I hastened to reassure my friend that I had no wedding plans concerning Mrs Hudson and the gift was to be a small compensation for all the hard work with which our good housekeeper was burdened. That eased Holmes's mind and we ate our breakfast in silence.

"So," I began when I felt a spot of light conversation would aid our digestion. "What's that orange powder on the carpet?"

Holmes brightened visibly.

"Ah, that would be my new invention," he said with some pride. "Here, let me demonstrate."

He took a small amount of the powder and deposited it in an empty glass. Then he took a carafe filled with water, poured a little into the glass and stirred. The mixture fizzed for a few seconds and the powder dissolved. The remaining orange solution seemed to sparkle.

Holmes brandished the glass triumphantly.

"It's powdered lemonade. This one has an orange flavour. Here, taste it."

Trusting Holmes implicitly, which was never very smart, but I couldn't help it, I took a tentative sip. It did taste of oranges, I noted with astonishment. It was also distinctly tingly on my tongue.

"It's not particularly healthy," Holmes continued, eyeing the glass with thoughtful pleasure, "but it cleans the pipes of rust most satisfactorily."

I was glad I did not drink more.

"Really?" I said pushing the glass subtly away. "I imagine Mrs Hudson will be quite satisfied then."

"Quite," agreed Holmes. With a quick hand he brought the glass to his lips and gulped the remaining lemonade. Then he hiccupped ("'Scuse me," he murmured) and we ate the rest of our breakfast in peace.

Afterwards I sat in my arm-chair to finish reading the morning newspapers. Holmes remained at the table, but his grey eyes had already assumed that vacant expression which so often indicated his keen mind was working intensely. He was also absent-mindedly crumbling a bit of toast into his tea. The slow trickle of crumbs disappearing under the surface of the dark liquid trapped in an off-white china cup helped him to focus on the details of everyday life, as he had said to me once during one of our not infrequent philosophical debates.

Weird, huh?

Now, I observed all this through a small hole in my newspaper, which I surreptitiously made just for the purpose of studying my companion. Holmes had his silver pots, I had my peepholes.
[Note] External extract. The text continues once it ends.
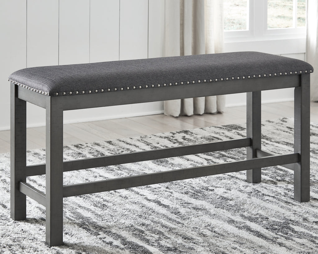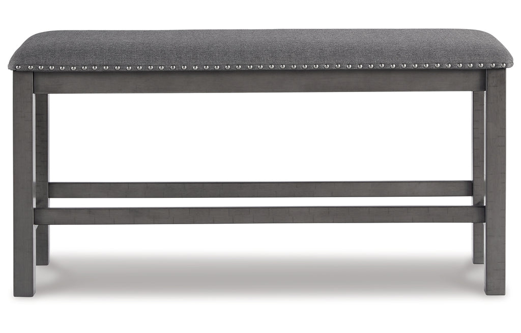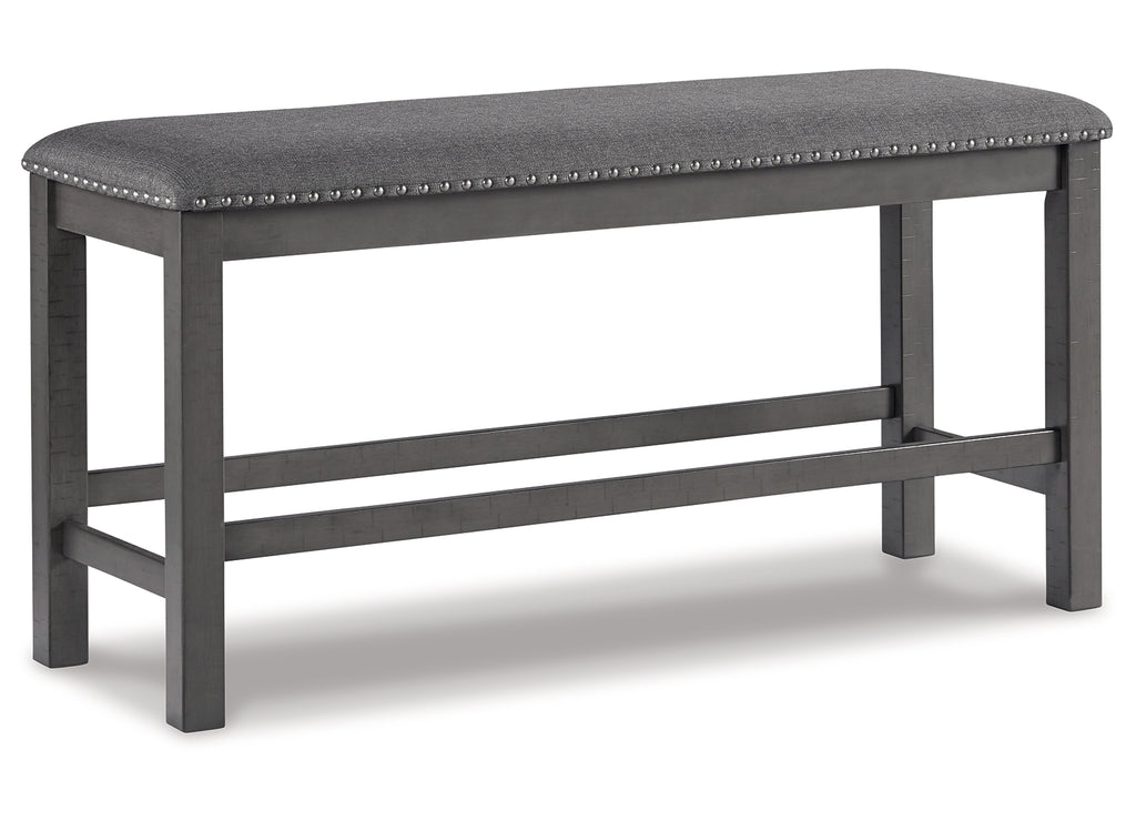 Going gray in the best possible way. This dining bench wows with an utterly on-trend smoky gray finish. Its softly cushioned seat with gray textured upholstery and nailhead trim will have you lingering a little longer at mealtime. Just a touch of distressing helps it fit right in with your modern farmhouse decor.

After this small indulgence in our ritual parlour game, I actually began to read the newspaper again and my eyes fell on the Lost &amp; Found section or, more specifically, on the announcement that said:

_Lost: A Persian slipper, the right one. New, never worn, was lost three days ago. Last seen beside a chair on Hannover Square 3A._

I looked from the paper to our mantelpiece. There it lay – I could not fathom how I had failed to notice it. A completely new Persian slipper, presumably already filled with Holmes's tobacco. Its bright fiery, golden and deep blue patterns a stark contrast to the previous slipper's faded greys.

"Holmes?" I ventured after staring at the thing for a while.

He grunted questionably.

"Haven't you just finished an investigation somewhere on Hannover Square?"

"Why yes, I have. And it was quite a profitable one too."

"Really?"

"Really."

Well, that wasn't very helpful.

"I see that you have replaced the old Persian slipper," I tried again.

"And I see that your powers of observation are as keen as ever. Nothing like stating the obvious, eh Watson?"

"Well, I—" I began piqued, but Holmes waved my words away.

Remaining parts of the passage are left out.